Researchers in the lab of Matthew Waitkus, PhD, at the Preston Robert Tisch Brain Tumor Center have identified a promising new target for treating certain brain tumors, including IDH-mutant astrocytomas.
One important feature of cancer is that tumor cells can keep dividing forever. Normally, healthy cells stop dividing after a certain number of cycles. But cancer cells find ways to avoid this limit and continue growing.
Some brain tumors do this by using a special process called alternative lengthening of telomeres, or ALT.
Telomeres are protective caps at the ends of chromosomes, like the plastic tips of shoelaces that keep the laces from fraying. Over time, telomeres normally get shorter. But cancer cells that use ALT can rebuild their telomeres, allowing them to keep growing and dividing.

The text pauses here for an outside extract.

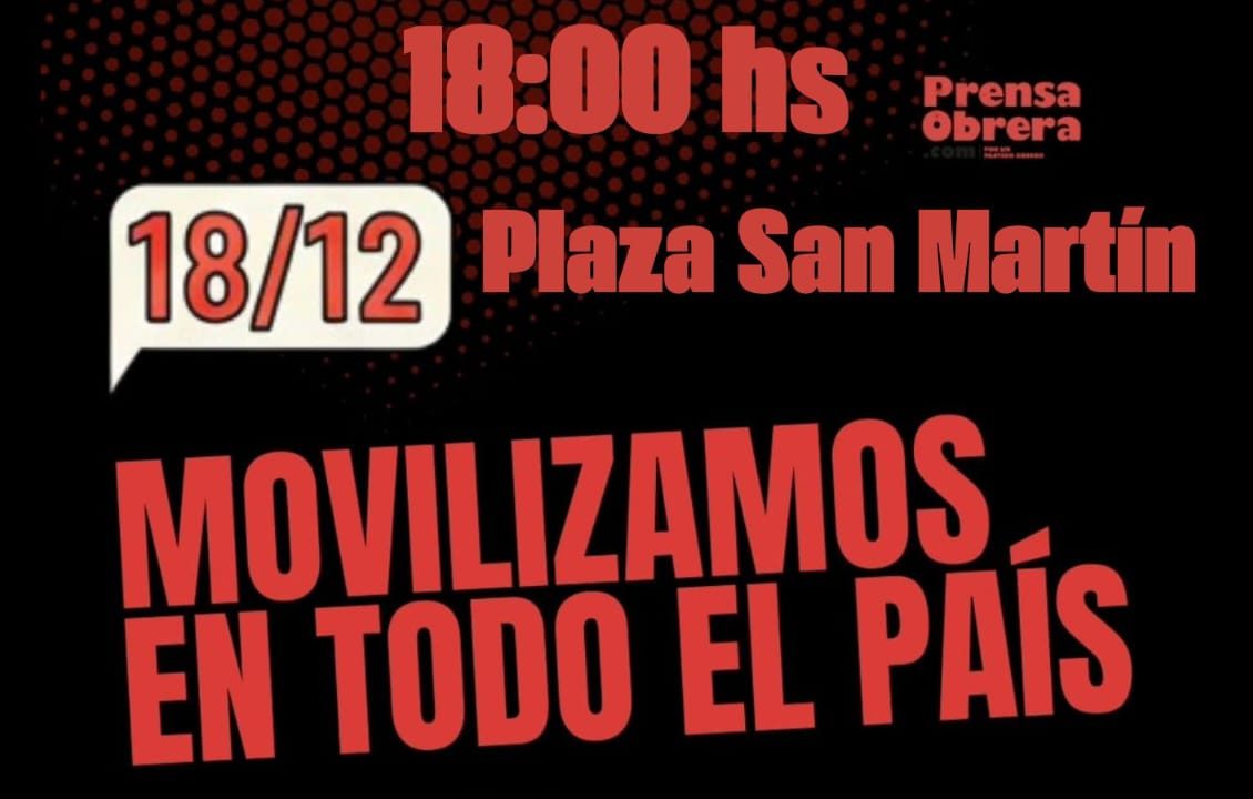 La movilización en la Plaza San Martín está prevista para este jueves 18 de diciembre a las 18:00 hs.

Because ALT helps tumor cells survive, scientists believe it could be an important target for new treatments.
In this new study, the Waitkus lab discovered that glioma cells using ALT rely heavily on a DNA repair protein called SMARCAL1. This protein helps cells fix damage in their DNA.
When researchers disrupted SMARCAL1, the ALT-positive tumor cells were no longer able to repair their DNA properly and died.
Importantly, glioma cells that do not use ALT were largely unaffected by the loss of SMARCAL1. This finding suggests that therapies targeting SMARCAL1 may be able to specifically affect tumors that rely on the ALT pathway, while having less impact on tumors that use other mechanisms to grow.
This discovery reveals a new weakness in ALT-positive gliomas and may help guide the development of future targeted therapies for patients with brain tumors.
The research was published in the journal Neuro-Oncology.